FinTechTerms
FinTechTerms

Merchant of Record

The legal entity that sells to the customer and assumes payment, tax, and compliance responsibility.

Why it matters

MoR matters because it changes revenue operations, chargeback ownership, tax collection, customer receipts, refund handling, and the compliance boundary between marketplace, seller, and payment provider.

How it works

In practice, the MoR appears in the checkout and back-office chain as the party that processes or sponsors the sale, manages transaction evidence, handles refunds and disputes, and keeps the financial record aligned with the commercial sale.

Risks and pitfalls

The common mistake is to confuse MoR with a payment facilitator or gateway. A gateway can move messages, and a payfac can onboard sub-merchants, but MoR language is about legal seller responsibility and transaction liability.

Regional notes

In cross-border BIST/MOEX/global commerce, MoR analysis should be separated from local acquiring, FX settlement, tax invoicing, and consumer-protection duties because each can sit with a different counterparty.

Common questions

What does Merchant of Record mean?

The legal entity that sells to the customer and assumes payment, tax, and compliance responsibility.
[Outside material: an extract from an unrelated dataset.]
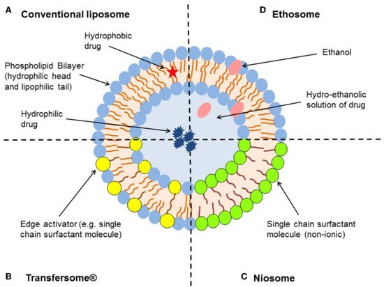 - ethosomes, soft VNs whose structure is closely related to that of liposomes, the main difference being the presence of ethanol in moderate to high concentrations, which confers the vesicles high malleability and the ability to significantly enhance the percutaneous permeation of highly lipophilic molecules [48];
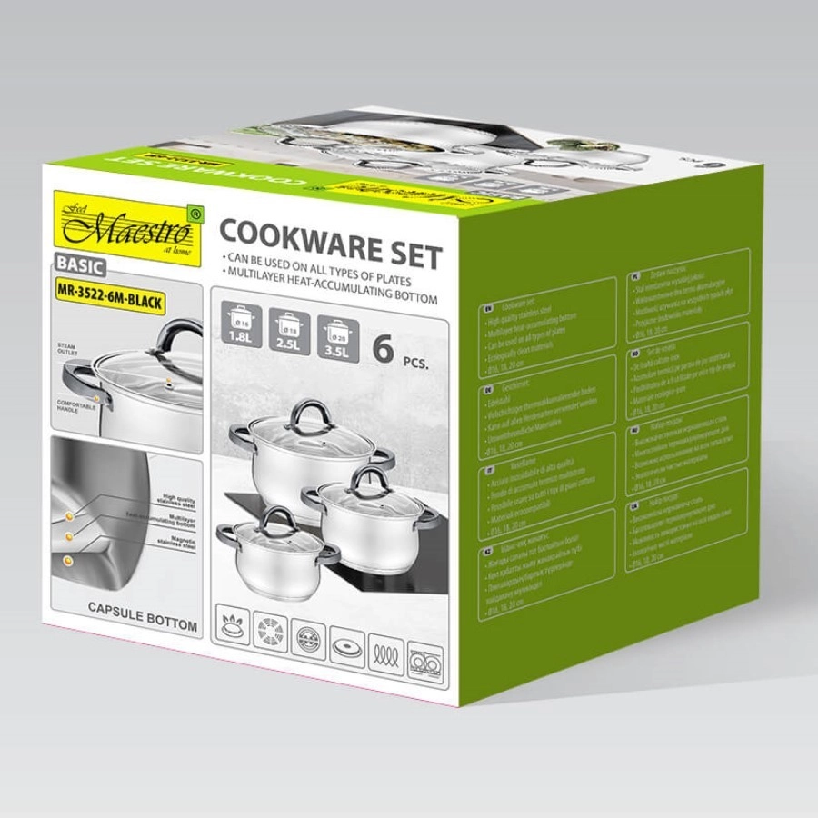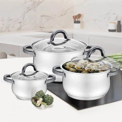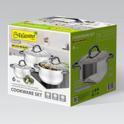 De MAESTRO pannenset is een praktische oplossing voor huishoudens die betrouwbaar kookgerei voor dagelijks gebruik willen. Roestvrij staal zorgt voor duurzaamheid, eenvoudig onderhoud en een gelijkmatige warmteverdeling, terwijl de zwarte ergonomische handgrepen een moderne uitstraling en een comfortabele grip bieden. Glazen deksels laten u het kookproces voortdurend in de gaten houden en helpen aroma en warmte beter vast te houden.

Why does Merchant of Record matter in fintech?

MoR matters because it changes revenue operations, chargeback ownership, tax collection, customer receipts, refund handling, and the compliance boundary between marketplace, seller, and payment provider.

What risks should teams watch with Merchant of Record?

The common mistake is to confuse MoR with a payment facilitator or gateway. A gateway can move messages, and a payfac can onboard sub-merchants, but MoR language is about legal seller responsibility and transaction liability.